Oman Cricket Academy Ground
- Interactive map of Oman Cricket Academy Ground

Ground information
- Location: Muscat, Oman
- Coordinates: 23°29′17″N 58°29′38″E﻿ / ﻿23.48806°N 58.49389°E
- Establishment: 2012; 14 years ago
- Capacity: 4,700
- Owner: Oman Cricket
- Operator: Oman national cricket team
- Tenants: Oman national cricket team

International information
- First ODI: 5 January 2020: Oman v United Arab Emirates
- Last ODI: 8 February 2022: Oman v United Arab Emirates
- First T20I: 20 January 2019: Bahrain v Saudi Arabia
- Last T20I: 16 October 2025: Qatar v Samoa
- First WT20I: 4 February 2020: Oman v Germany
- Last WT20I: 6 February 2026: Oman v Denmark

= Oman Cricket Academy Ground =

Cricket ground

Oman Cricket Academy Ground, also known as the Al Amerat Cricket Stadium, is a cricket ground in Al Amarat, south of Muscat, Oman. The ground is owned by the Oman Cricket Board. In January 2021, the International Cricket Council (ICC) gave accreditation for the Ministry Turf 1 at the stadium to host Test cricket.

==History==
In July 2008, Oman Cricket Board announced plans to construct an international-standard facility at Al Amarat, about 15 kilometres south-east of the centre of the city of Muscat. The cost of the project was initially estimated at 2 million Omani rials (US$5.2 million), with the land donated by the Ministry of Sports Affairs and the rest of the funding to be raised through corporate sponsorship. The venue, known as the Al Amerat Cricket Stadium, was inaugurated in October 2012, by Ashraful Haque, the chief executive of the Asian Cricket Council. It held its first match – a club game – two months later. Floodlights were installed at the venue in 2015, and there are plans for an indoor academy to be built, to complement the existing academy at the Sultan Qaboos Sports Complex. Oman Cricket Board later announced the construction of pavilions and an indoor state-of-the-art training facility that also houses the Oman Cricket Board headquarters.

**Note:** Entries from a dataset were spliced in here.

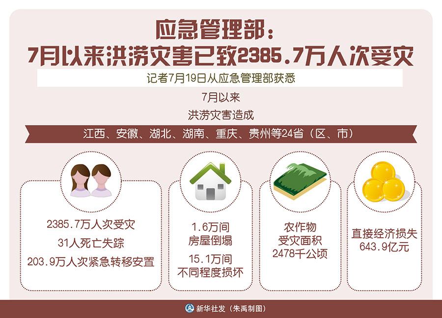 據(jù)應(yīng)急管理部統(tǒng)計(jì),7月以來,洪澇災(zāi)害已造成1.6萬間房屋倒塌,15.1萬間不同程度損壞;農(nóng)作物受災(zāi)面積2478千公頃;直接經(jīng)濟(jì)損失643.9億元。與近5年同期均值相比,緊急轉(zhuǎn)移安置人次上升53.6%,因?yàn)?zāi)死亡失蹤人數(shù)、倒塌房屋數(shù)量和直接經(jīng)濟(jì)損失分別下降82%、78.3%、5.9%。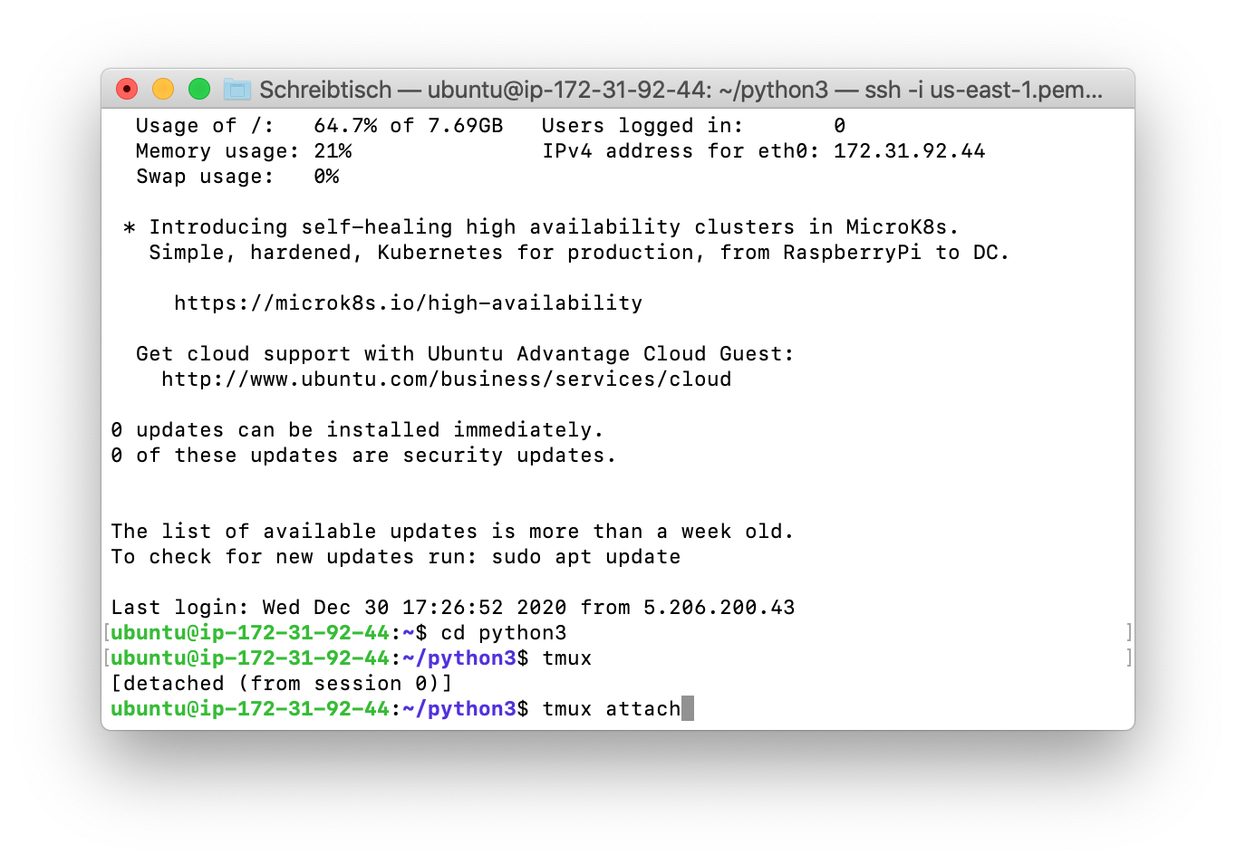 To detach the tmux session while keeping your script running in the background, press CTRL+b followed by d. You can now safely close the SSH session; your script will continue to run inside tmux.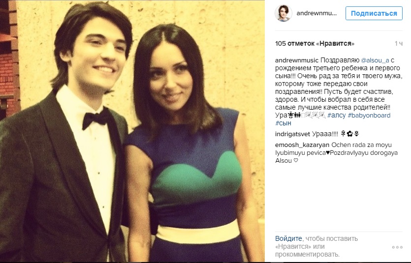 О прибавлении в знаменитом семействе рассказал друг Алсу, артист Андрей Цветков: «Поздравляю с рождением третьего ребенка и первого сына! Очень рад за тебя и твоего мужа, которому тоже передаю свои поздравления! Пусть будет счастлив, здоров. И чтобы вобрал в себя все самые лучшие качества родителей! Ур PEOPLETALK поздравляет Алсу и Яна с появлением на свет сына, а их дочерей Сафину и Микеллу – с рождением братика!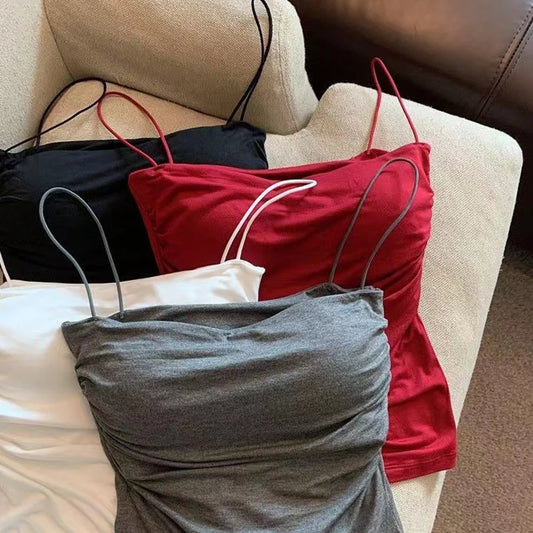 Sleeveless Tees Tank Tops For Women Camisole Vest Cropped Top Slim Fit Solid Color Spaghetti Strap Built In Bra Women Clothes

The venue hosted the 2019 ACC Western Region T20, followed by the Oman Quadrangular Series in February 2019. Matches played in both events had Twenty20 International (T20I) status.

On 21 January 2019, in a match between the Maldives and Bahrain, the Maldivian bowler Ibrahim Hassan took the first T20I five-wicket haul on this ground.

On 23 January 2019, in a match between Kuwait and Bahrain, Kuwait's Ravija Sandaruwan scored the first T20I century on this ground.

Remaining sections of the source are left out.